Yeah I had a manager that was quite good at throwing out functionality. Didn't like it at the time, but they were mostly right - of course they were just trying to save money.
When I couldn't program I almost achieved more! I saved time by picking stuff up and glueing it together. Then later spent ages learning specific softwares, plugins and their wiring only for them to fall out of favour. Later frameworks etc.
A web outfit I worked at should have concentrated on a few small plugins/components that would have handled most of their sites. Instead other behemoths emerged, that added pain and complexity to what should have been very simple sites.

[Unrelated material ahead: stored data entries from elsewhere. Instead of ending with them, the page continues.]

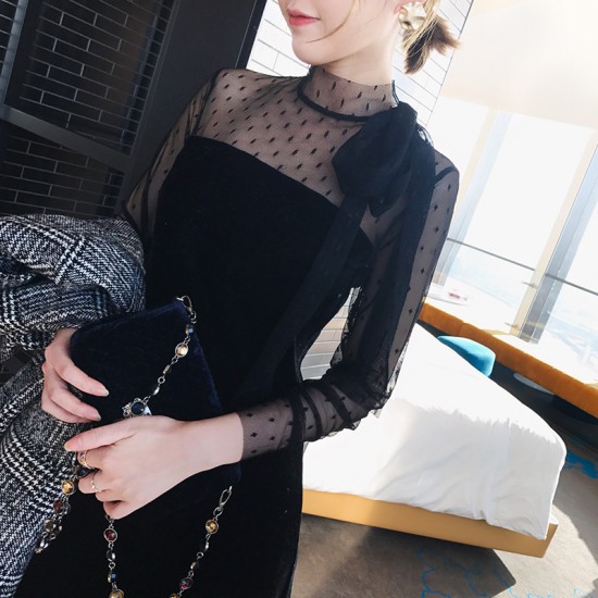 ワンピース ミニ丈 レース ドット 水玉 ベロア リボン ドレス シースルー 透け感 パーティー お呼ばれ服 可愛い drgz1333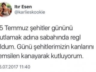 15 Temmuz'la dalga geçip, küstah ifadeler kullanan Itır Esen, gelen haklı tepkiler üzerine hesabını askıya almak zorunda kaldı.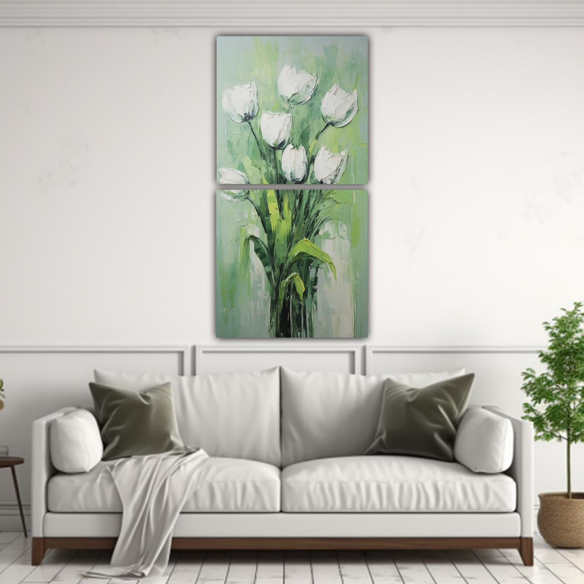 Decoración: Telas En Bastidor Expresión Green TULIPS Estilo Pintura Al óleo En Lienzo
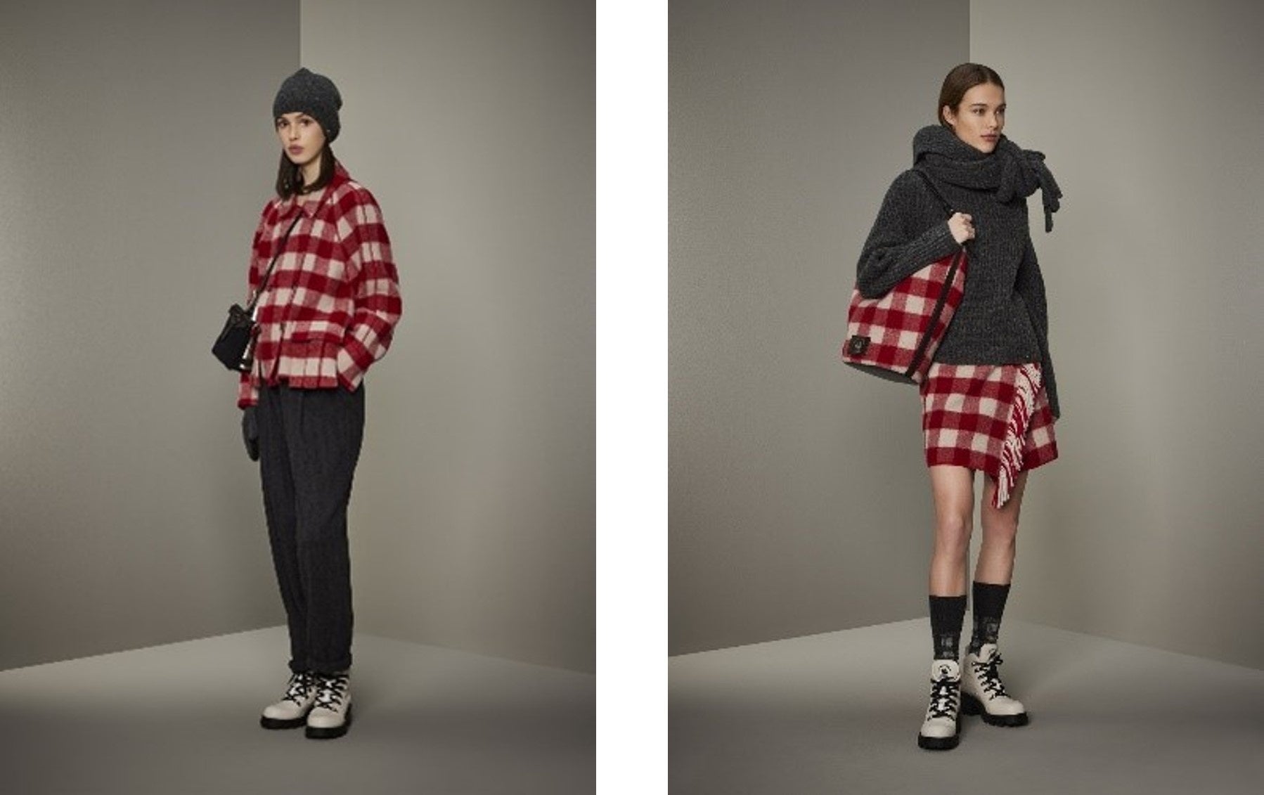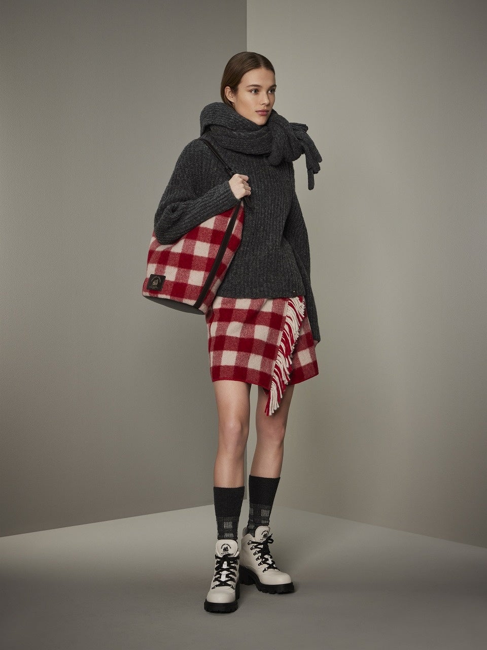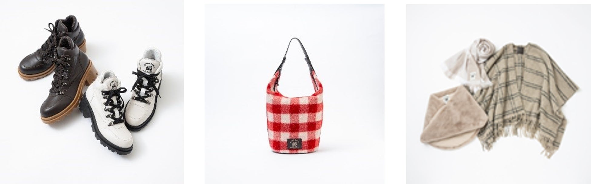 また、小物類も豊富に登場します。コレクションテーマを強く感じさせるマウンテンブーツ、赤のブロックチェック柄のショルダーバッグ、さらりと羽織れるストールなど、いずれのアイテムも洋服と統一された世界観を楽しむことができます。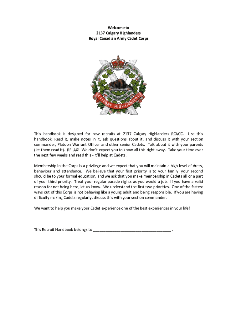 Welcome to 2137 Calgary Highlanders Royal Canadian Army Cadet Corpses handbook is designed for new recruits at 2137 Calgary Highlanders RC ACC. Use this handbook. Read it, make notes in it, ask questions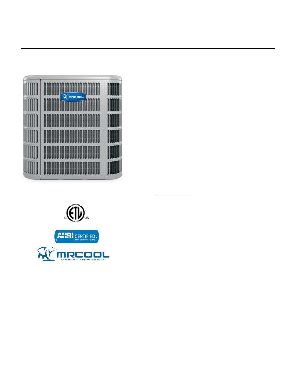 See full warranty at www.mrcool.com for terms, conditions and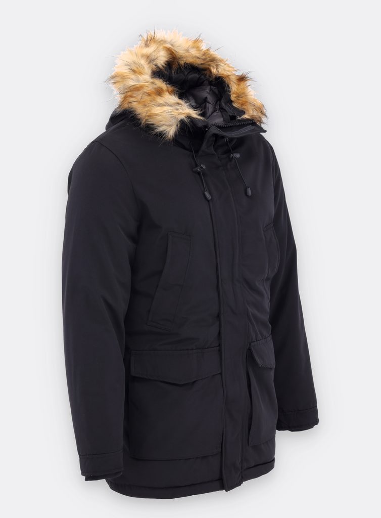 Pánská zimní bunda s kožešinou černá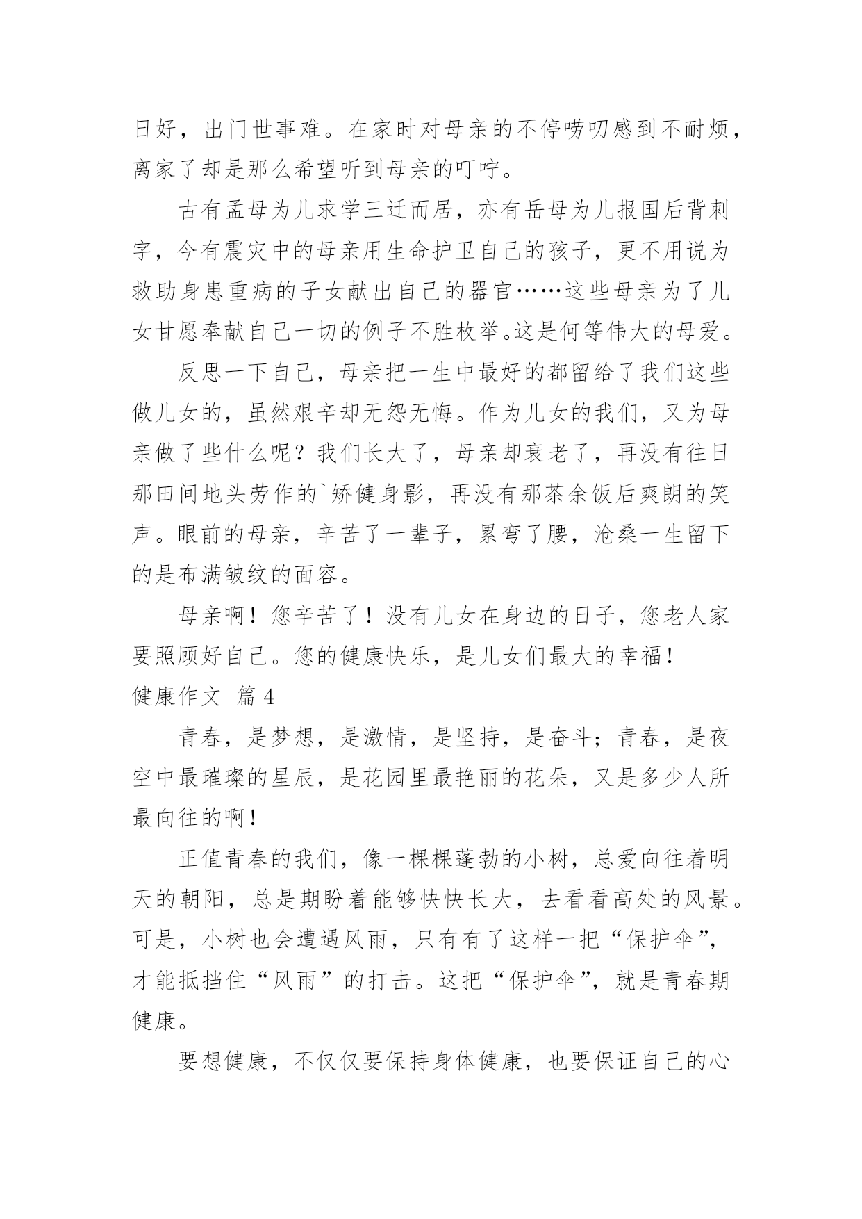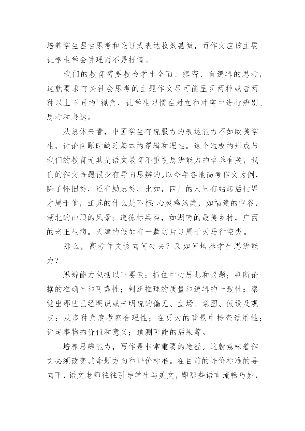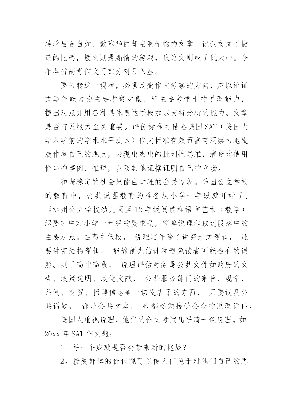 健康作文在平日的学习、工作和生活里,大家都有写作文的经历,对作文很是熟悉吧,借助作文人们可以实现文化交流的目的。如何写一篇有思想、有文采的作文呢?以下是小编为大家收集的健康作文5篇,供大家参考借鉴,希望可以帮助到有需要的朋友。健康作文篇1北京的高考作文题目是老规矩,上海的则是穿越沙漠和自由,前者涉及个人修养,关注的是私人领域;后者涉及自由的内涵和前提,关注的是公共话题。当然,关注私域或者公域并无高下之分,只要有料,都可以成为好作文题。北京卷的作文题呼唤老规矩的复兴,而缺乏对老规矩的反省和批判,给出的材料几乎全是值得保留的老规矩,例如,吃菜不许满盘子乱挑、不许管闲事儿、笑不露齿,话不高声、站有站相,坐有坐相、忠厚传世,勤俭持家等,很容易导向老规矩的丢失,很可惜这样的结论。事实上,老规矩中有很多是应该被淘汰的,命题者只是单方面地传达老规矩的正面信息,而不提及它负面的信息,这样只能唤起考生怀旧式的抒情和对现代社会的简单批判,缺少思维含量。如果我们的作文材料只给出一个维度的内容,思考社会问题浪漫化和文艺化的趋势将继续泛滥。思考社会问题文艺化是长期以来的毛病,在很大程度上,这是高考命题导向和作文评价标准所致,它除了让学生学会咏物抒情以外,对于培养学生理性思考和论证式表达收效甚微,而作文应该主要让学生学会讲理而不是抒情。我们的教育需要教会学生全面、缜密、有逻辑的思考,这就要求有关社会思考的主题作文尽可能呈现两种或者两种以上不同的'视角,让学生习惯在对立和冲突中进行辨别、思考和表达。从总体来看,中国学生有说服力的表达能力不如欧美学生,讨论问题时缺乏基本的逻辑和理性。这个短板的形成与我们的教育尤其是语文教育不重视思辨能力的培养有关,我们的作文命题很少有导向思辨的。以今年各地高考作文为例,除了怀旧类,还有励志类,比如,四川的人只有站起后世界才属于他,江苏的什么是不朽;心灵鸡汤类,如福建的空谷,湖北的山顶的风景;道德标兵类,如湖南的最美乡村,广西的老王生病。天津的假如有一款芯片则属于天马行空类。那么,高考作文该向何处去?又如何培养学生思辨能力?思辨能力包括以下要素:抓住中心思想和议题;判断论据的准确性和可靠性;判断推理的质量和逻辑的一致性;察觉出那些已经明说或未明说的偏见、立场、意图、假设及观点;从多种角度考察合理性;在更大的背景中检查适用性;评定事物的价值和意义;预测可能的后果等。培养思辨能力,写作是非常重要的途径。这就意味着作文必须改变其命题方向和评价标准。在目前的评价标准的导向下,语文老师往往引导学生写美文,即那些语言流畅巧妙,转承启合自如、敷陈华丽却空洞无物的文章。记叙文成了撒谎的比赛,散文则是煽情的游戏,议论文则成了侃大山。今年各省高考作文可部分对号入座。要扭转这一现状,必须改变作文考察的方向,应以论证式写作能力为主要考察对象,即主要考学生的说理能力,摆出观点并用各种具体表达手段加以支持分析的能力。文章是否有说服力至关重要。评价标准可借鉴美国SAT(美国大学入学前的学术水平测试)作文标准有效而富有洞察力地发展作者自己的观点,表现出杰出的批判性思维,清晰地使用恰当的事例、推理,以及其他证据证明自己的立场。和谐稳定的社会只能由讲理的公民造就。美国公立学校的教育中,公共说理教育的准备从小学一年级就开始了。《加州公立学校幼儿园至12年级阅读和语言艺术(教学)纲要》中对小学一年级的要求是,简单说理和叙述段落中的主要观点。在高中低段,说理写作除了讲究形式逻辑,还要讲究结构逻辑,能够预先估计和避免读者可能会有的误解。到了高中高段,说理评估对象是公共文件如政府的文告、政策说明、政党文献,公共服务部门的宗旨、规章、条例、商贸、招聘信息等一切发表了的东西,只要议及公共话题,都是公共文本,也都必须接受公众的说理评估。美国人重视说理,他们的作文考试几乎清一色说理。如20xx年SAT作文题:1。每一个成就是否会带来新的挑战?2。接受群体的价值观可以使人们免于对他们自己的思想和行为负责吗?3。鼓励不一致和不同意见的群体是否比不鼓励那样做的群体运行得更好?20xx的AP英语考试即大学先修课的语文考试,则要求在阅读托马斯潘恩的著作《人的权利》中的一段文字后写一篇文章,谈谈当今的美国是否达到了潘恩心中的美国标准,并用适当的证据来支持论点。我以为,高考作文改革不单单涉及到培养学生怎么进行健康表达的问题,更涉及到未来社会的走向问题。从根本上来说,作文的评价标准体现了一个民族的精神气质和价值追求,告别羸弱而暴戾、敏感而虚伪的气质,应该从培养健康、理性的表达开始。=健康作文篇2现在生活条件好了,很多人却把健康抛到了九霄云外。殊不知,生命是珍宝,健康是本钱。就在上一个星期,我的外公突然在回家的路上晕倒了。听到这个令人紧张的消息,妈妈和舅舅心急如焚地来到医院。医生说外公是因为过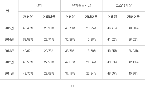 거래소는 “지난해 데이트레이딩 비중은 2012년 48.58% 이후 최고치”라며 “거래가 늘어난 원인도 있지만 스마트폰 등을 이용한 거래 편의성이 좋아진 이유가 크다”고 설명했다.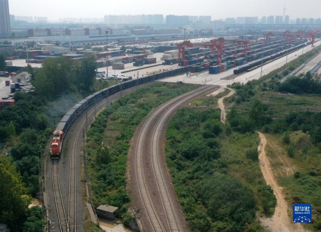 9月17日,X8202次中歐班列(鄭州)駛出國鐵集團鄭州局圃田車站(無人機照片)。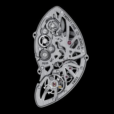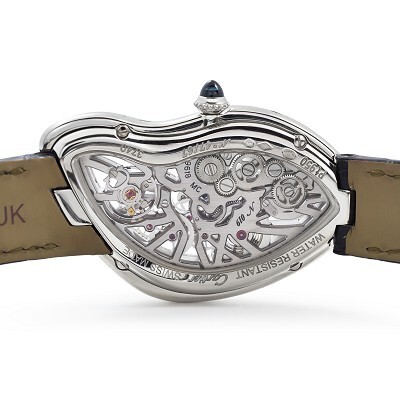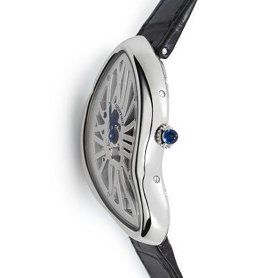Powering the Crash Skeleton is the 9618 MC hand-wound movement, specifically designed to fit perfectly within the uniquely shaped case. The movement offers a 3-day power reserve, and the sapphire crystal caseback allows you to appreciate the finely finished movement, complete with an engraved number and Cartier’s signature “C” on the balance wheel.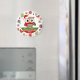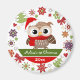 Le hibou est dans les tons beige et marron chocolat avec un chapeau de santa rouge et une écharpe. Les différents ornements en rouge, orange, citron vert, violet sont dans l'arrière - plan. Les textes et les choux sont personnalisables. L'arrière de l'ornement a la même image arrière - plan et les textes sont personnalisables.

Only the author understood the ins and outs of a half finished product, that ended up bastardised for each project, resulting in multiple version hell.
But hey this was before good 'Git'ing. Oh for hindsight.
I like the categorisation aswell as a name (and version).
In your desktop environment, 'Open web browser' (as an action), can be associated with whichever browser you prefer. And perhaps a context menu on that to choose between many.
I prefer something like: Gnome file manager: 'Nautilus', to the browser: 'Web'. How ghastly.
To differentiate between many, like both of Windows' web browsers: Edge and Internet Explorer. You could say Windows web browser Edge. Or Edge; Windows' web browser. Windows itself is a confusing name, but that's another conversation.